Komisi II Kalsel Pelajari Inovasi Pelayanan Samsat Bali

  • 10 Mei 2026 19:04 WIB
  •  Banjarmasin

RRI.CO.ID, Banjarmasin - Komisi II DPRD Provinsi Kalimantan Selatan bersama Badan Pendapatan Daerah Provinsi Kalsel dan Kepala UPPD Samsat se-Kalsel melakukan kunjungan kerja ke Bapenda Provinsi Bali, Kamis 7 Mei 2026. Tujuan kunjungan tersebut dalam upaya mendorong peningkatan pendapatan asli daerah.

Berbagai inovasi pelayanan turut dipelajari, khususnya di sektor samsat yang dinilai mampu meningkatkan kepatuhan wajib pajak. Selain itu, kunjungan juga menjadi ajang bertukar pengalaman terkait optimalisasi penerimaan pajak daerah.

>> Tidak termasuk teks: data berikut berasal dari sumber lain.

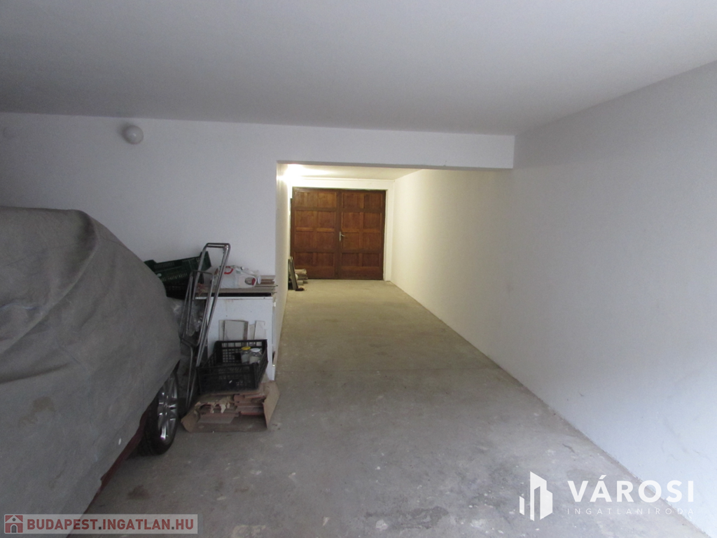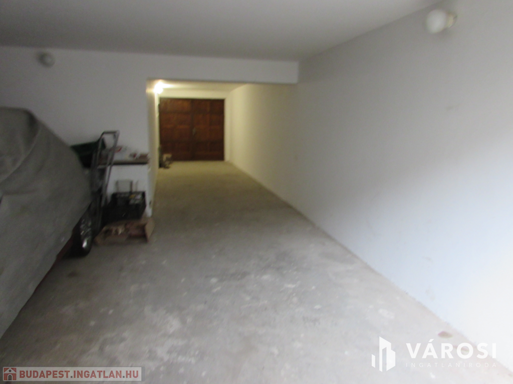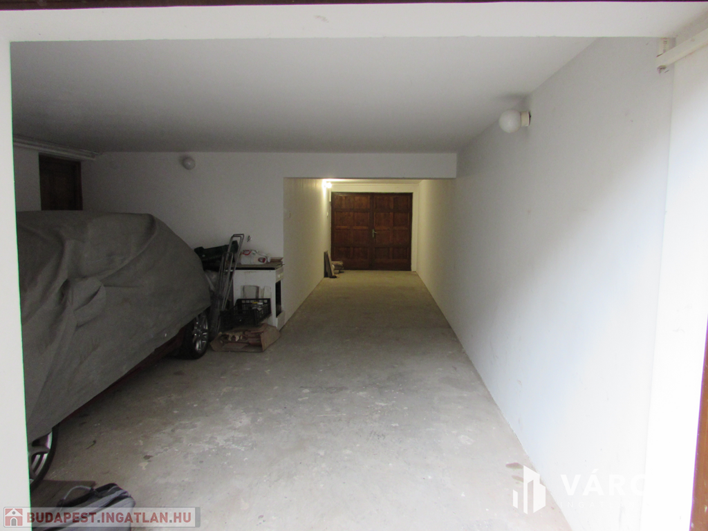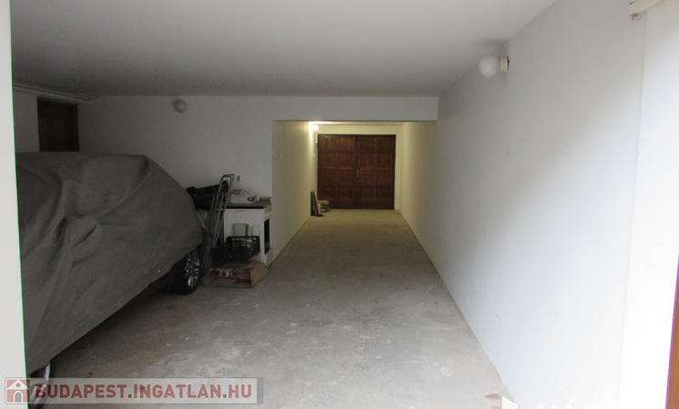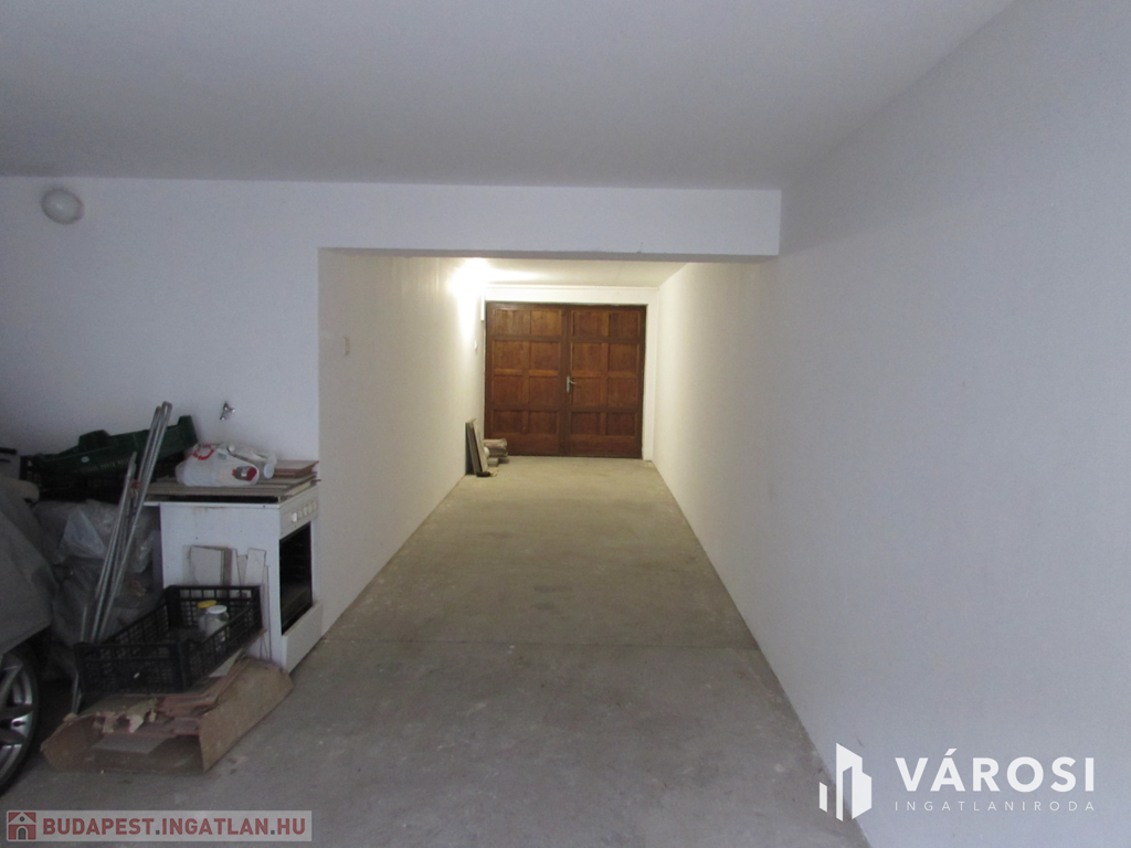 A garázsban áram áll rendelkezésre. A fa kétszárnyú garázsajtó 2 méter széles. A garázsba 2 autó egymás mögött elfér, de a helységet legcélszerűbb raktárnak használni. A tulajdonos is raktárnak szeretné kiadni.

Ketua Komisi II DPRD Kalsel Muhammad Yani Helmi mengatakan, selama ini kontribusi terbesar PAD masih berasal dari pajak kendaraan bermotor dan bea balik nama kendaraan bermotor. Oleh sebab itu, samsat menjadi salah satu unit strategis yang berperan penting dalam menopang penerimaan daerah.

Menurutnya, ada sejumlah hal menarik yang dipelajari dari sistem pelayanan di Bali, terutama terkait kemudahan pembayaran pajak melalui lembaga adat. “Banyak hal yang menarik tadi ya yang saya cermati adalah persoalan bagaimana membayar, kemudahan wajib pajak membayar pajak melalui lembaga adat,” ujarnya.

Politisi Golkar yang akrab disapa Paman Yani itu menilai keberadaan lembaga adat memiliki pengaruh kuat dalam meningkatkan kepatuhan masyarakat membayar pajak. Ia menyebut adanya sanksi sosial dari lembaga adat membuat masyarakat lebih disiplin memenuhi kewajibannya.

Selain membahas pelayanan samsat, diskusi juga menyoroti dukungan terhadap kebijakan pemerintah pusat dalam mendorong penggunaan kendaraan listrik. Komisi II DPRD Kalsel pun mulai mempertimbangkan pengaturan tarif pajak kendaraan listrik dalam rancangan peraturan daerah.

“Nah ini sudah mendapat sorotan kami di raperda kami juga ingin memuat nanti tarif pajaknya yang tidak terlalu besar, tetapi ada kontribusi untuk daerah kita,” ucap Paman Yani. Ia berharap kebijakan tersebut dapat mendorong masyarakat beralih ke kendaraan ramah lingkungan tanpa mengurangi potensi pendapatan daerah.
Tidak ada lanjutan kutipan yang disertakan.